The Disposition of the Appeal by the Supreme Court of Appeal
By unanimous decision the Appeal was allowed, the orders made by the primary judge set aside and the respondent workers’ notice of originating motion dismissed.
In his leading decision, Newnes JA found that:
1. The primary Judge erred in the construction of s92M(1) and s92M(6) of the Act;
2. S93M(1) defines the “termination day” to be “the last day of the period of one year after the day on which the claim for compensation by way of weekly payments is made”;
3. If the respondent worker first made a claim for workers’ compensation by way of weekly payments on 29 June 2009, the “termination day” was “the last day of the period of one year after” 29 June 2009;
4. By virtue of s61(1)(b) of the Interpretation Act, where a period of time is expressed to be reckoned from or after, a specified day, that day shall not be included in the period;
5. As such, 29 June 2009 is not to be included in calculating the one year period under s93M(1);
6. The period therefore started on 30 June 2009;
7. However, the primary Judge erred in finding that the period ended on 30 June 2010;
8. Rather, it ended at midnight on 29 June 2010;
9. The primary Judge’s calculation provided for a period of one year and one day (with 30 June having been counted twice);
10. S93M(1) does not provide for a period of one year and one day;
11. The applicable termination day was 29 June 2010;
12. The same reasoning applies to the operation and effect of s93M(6).

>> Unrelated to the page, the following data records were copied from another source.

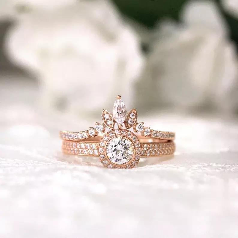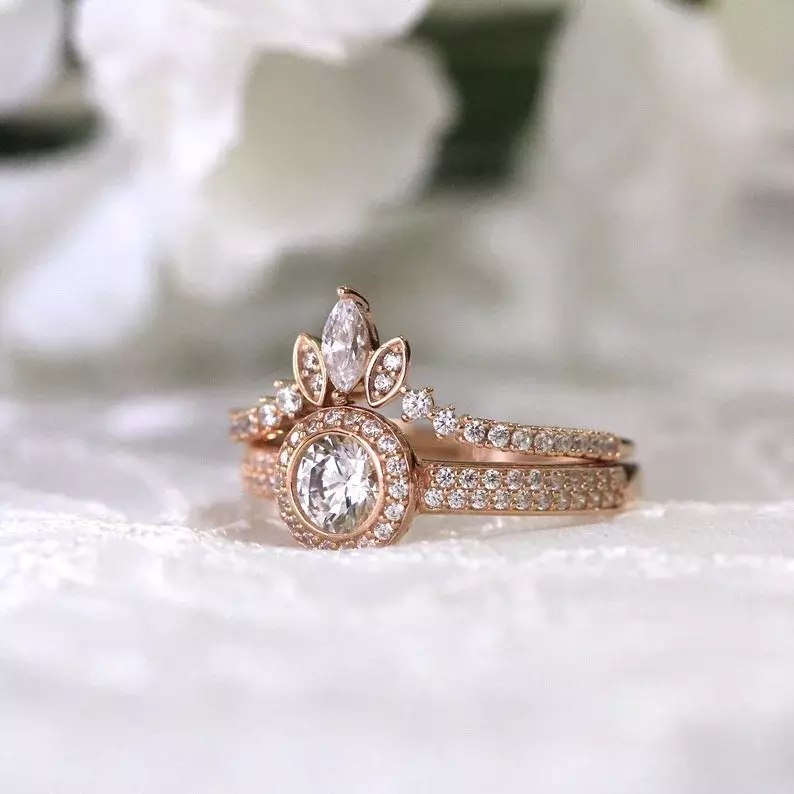 -Diamond cutting: Brilliant cut (center), Marquise cut (5x2.5mm) and Brilliant pave set (1.0mm)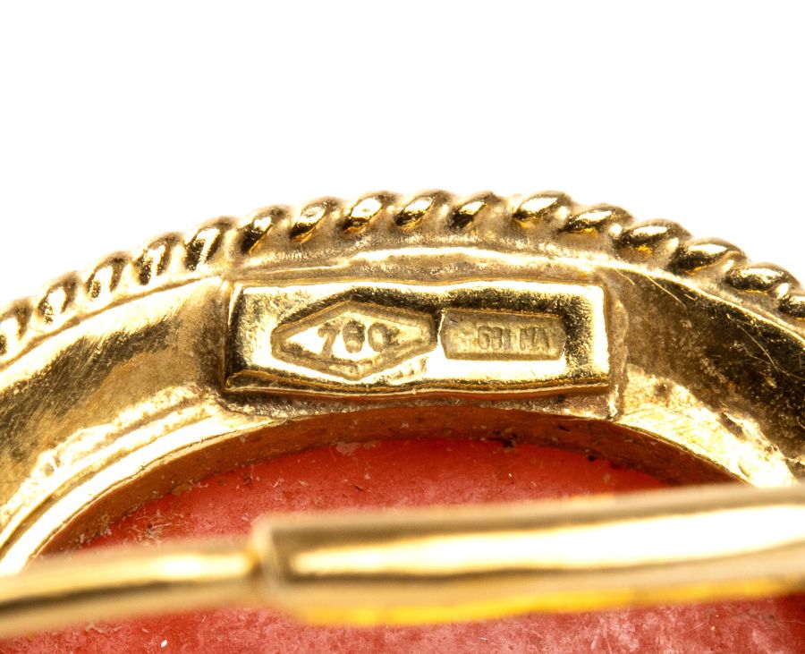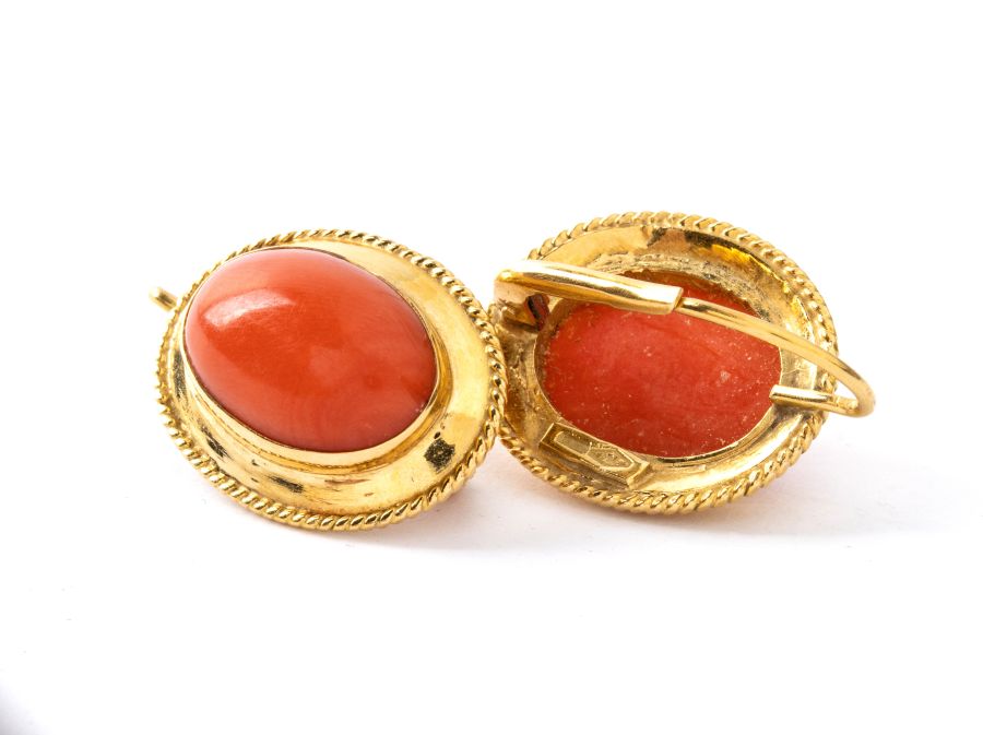 in oro giallo 18k, incastonato con cabochon ovale di corallo Mediterraneo (Corallum Rubrum), tra cornice con motivo a cordonetto.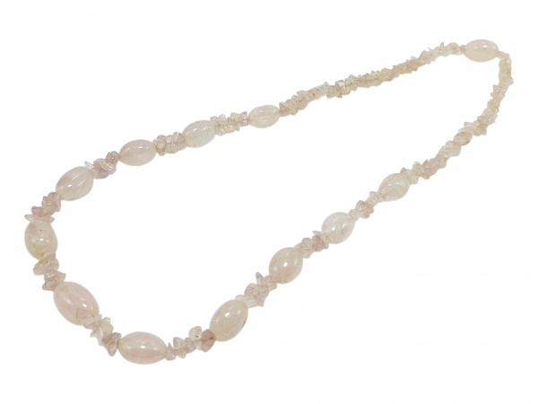 • BIJUTERIA, um (1) colar com contas ovais e cascalhos de quartzo na tonalidade rosa, medindo 36cm de comprimento.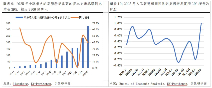 根據美國經濟分析局數據統計,2025Q2的AI相關投資占美國實際GDP的比重猛增至約1.0%。雖然2023年和2024年,AI投資因宏觀環境挑戰,如利率上升和金融環境收緊低於預期,然預計2025Q2的驟然拉高有望有所突破。總體而言,AI相關投資強勁的增長勢頭依然存在,預計2025年,人工智慧投資對美國實際GDP的貢獻有望升至6%。

The Court of Appeal concluded therefore that the primary Judge erred in finding the decision of the Director’s Delegate as to the termination day was wrong.
Conclusion
The core issues on the Appeal related to the existence (or not) of an accounting error in the computation of time.
As well as highlighting the importance of the proper application and consideration of “the Interpretation Act method” of reckoning time in general, the Supreme Court of Appeal has expressly confirmed that s93M(1) does not provide for a period of one year and a day.
Disclaimer
This Case Law Update is intended for general information only and you should not act upon it or omit to act on the basis of anything contained herein without first obtaining legal advice in relation to any particular matter or issue.